Analysis: More than black support put new mayor in office


Staff Writers

Last update: 06 November 2003

DAYTONA BEACH --Voter registration drives in the black community -- along with citywide core white support -- combined to elect the city's first black mayor, according to an analysis of Tuesday's votes and interviews with local black leaders.

Black political groups submitted more than 1,000 new voter registration applications during the fall campaign, said Walter Fordham, chairman of the political action committee for the Volusia County-Daytona Beach Branch of the National Association for the Advancement of Colored People.

"We had a total new group who committed to the impact of the vote," Fordham said. "We really targeted new voters, persons who had never participated in the process."

Yvonne Scarlett-Golden beat Mike Shallow in Tuesday's election to become the first black mayor in the city's history and only the second woman elected to that post.

Support among black voters, while crucial to Scarlett-Golden's win, was only part of the story. Scarlett-Golden drew at least 23 percent of votes in all 26 polling precincts, including 10 in which blacks comprised less than 10 percent of registered voters. She also won three white-majority precincts in the central part of the city.

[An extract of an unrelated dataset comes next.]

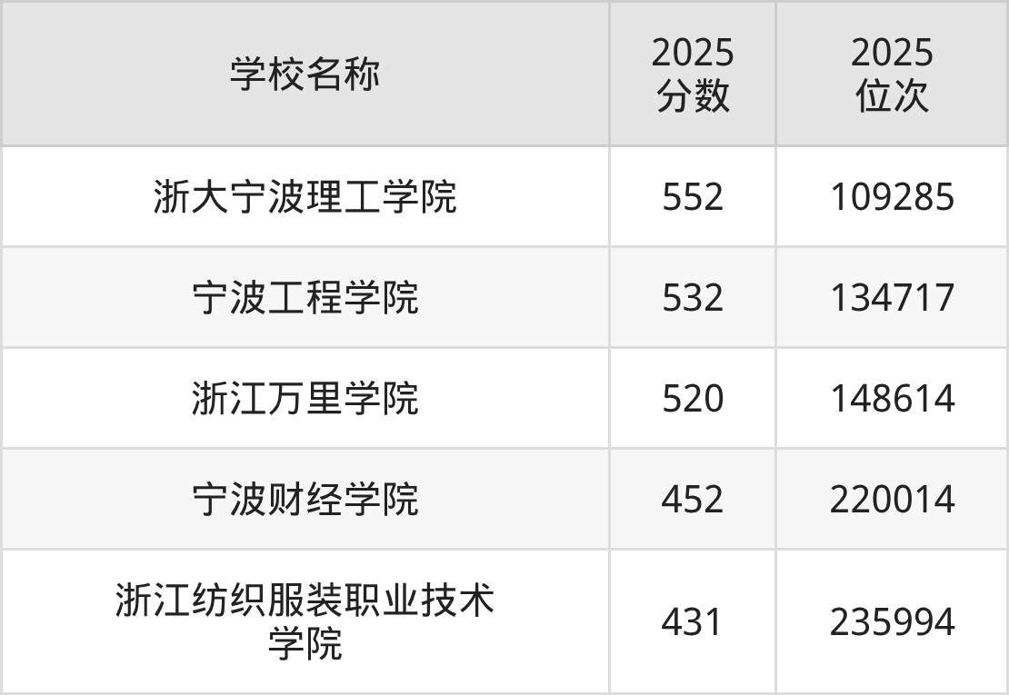 下文为2025年宁波市理工类大学在浙江录取分数线和位次排名表,供大家参考:

Shallow, despite winning 15 of 26 precincts overall, failed to overcome Scarlett-Golden's support among blacks. He drew less than 20 percent of votes in eight precincts -- all with black majorities.

Shallow won just one black-majority precinct, made up of residents near Beville Road.

He won most precincts outside the black community, picking up 71 percent of votes at beachside polling places and 58 percent of mainland precincts where blacks were not a majority of registered voters.

The voter registration effort by Scarlett-Golden supporters included visits to 23 churches and booths at 18 businesses in the black community.

Organizers, Fordham said, laid out the stakes: Not only could voters elect the first black mayor, they could also help to create the first black majority on the City Commission.

And voters responded, sending Scarlett-Golden to the mayor's desk and two other blacks -- Charles Cherry and Dwayne Taylor -- to the commission. A third black commissioner, Gwen Azama-Edwards, won in Zone 4 on the city's western edge, where white voters outnumber blacks 5,088 to 272.

"The greater issue is the broader community, the vision and strategy to move the city," said Bishop Derek Triplett, pastor of Hope Fellowship Church and chairman of the Black Community Leadership Council.

"We have the opportunity to meet the issues of our community that are difficult and meet them head on together," he said. "I see this as a government of inclusion."